ROCKVILLE, Md. - REGENXBIO Inc. (NASDAQ:RGNX) announced the completion of enrollment for the second cohort in its Phase I/II AFFINITY DUCHENNE® trial of RGX-202, a gene therapy candidate for Duchenne muscular dystrophy (Duchenne). The company also shared promising interim safety and efficacy data, including a significant increase in microdystrophin expression in a young patient.
As of February 6, five patients aged 4.4 to 12.1 years have been treated with RGX-202 without any drug-related serious adverse events. The follow-up period post-administration ranges from about three weeks to over nine months. All patients who reached a three-month follow-up showed a reduction in serum creatinine kinase (CK) levels, suggesting clinical improvement.
Notably, a 6.6-year-old patient exhibited 83.4% of normal microdystrophin expression levels and a 93% reduction in serum CK levels at ten weeks, marking the largest increase observed in the trial to date. This data supports the potential of RGX-202 to produce microdystrophin similar to naturally occurring dystrophin, which is crucial for muscle function.
REGENXBIO plans to determine a pivotal dose by mid-2024 and expects to begin a pivotal trial in the latter half of the year.

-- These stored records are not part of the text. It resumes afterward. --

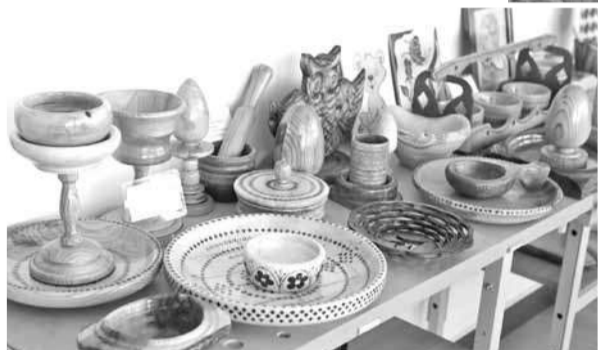
Изделия из дерева, сделанные школьниками на уроках технологии
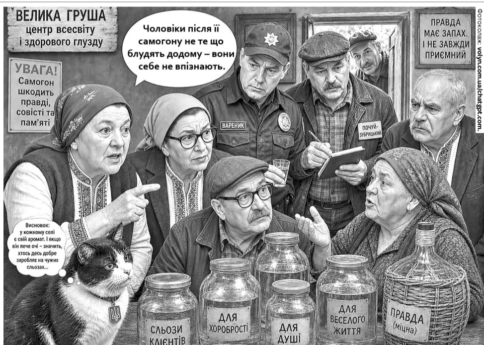
– Слухай, Нимидоро Панасівно, а ти не думала, що твоє «по сто грам» комусь життя ламає?

повіла Трандичиха. – Без ГМО і без совісті.
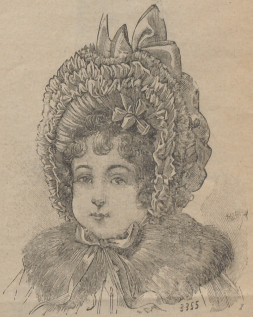
3. Capota para niño de 1 á 3 años
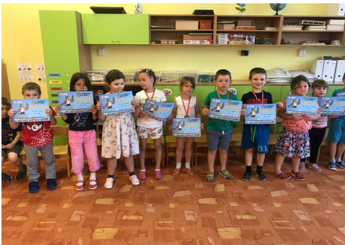
Ukončili jsme kurz plavání a pak jsme si pochutnávali na zmrzlině.
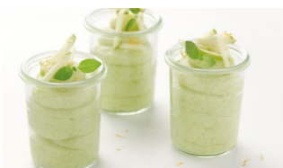
Sorbetto de manzana verde Coste por ración: 0,50€

The company aims to use microdystrophin expression as a surrogate endpoint for a Biologics License Application (BLA) filing through the accelerated approval pathway.
The AFFINITY DUCHENNE trial is designed to evaluate the safety, tolerability, and clinical efficacy of a single intravenous dose of RGX-202 in young Duchenne patients. The trial includes a comprehensive immunosuppression regimen to mitigate potential immunologic responses and will assess various clinical endpoints, including muscle microdystrophin protein levels and functional assessments.
Duchenne is a severe muscle disease affecting approximately 1 in 3,500 to 5,000 boys born each year worldwide. The condition leads to progressive muscle degeneration and premature death. RGX-202 aims to improve muscle resistance to damage by delivering a novel microdystrophin transgene using a proprietary AAV vector and muscle-specific promoter.
REGENXBIO is a leader in gene therapy development, leveraging its NAV Technology Platform to address various therapeutic areas. The company's "5x'25" strategy focuses on advancing five AAV Therapeutics to pivotal-stage or commercial products by 2025.
This news is based on a press release statement from REGENXBIO Inc.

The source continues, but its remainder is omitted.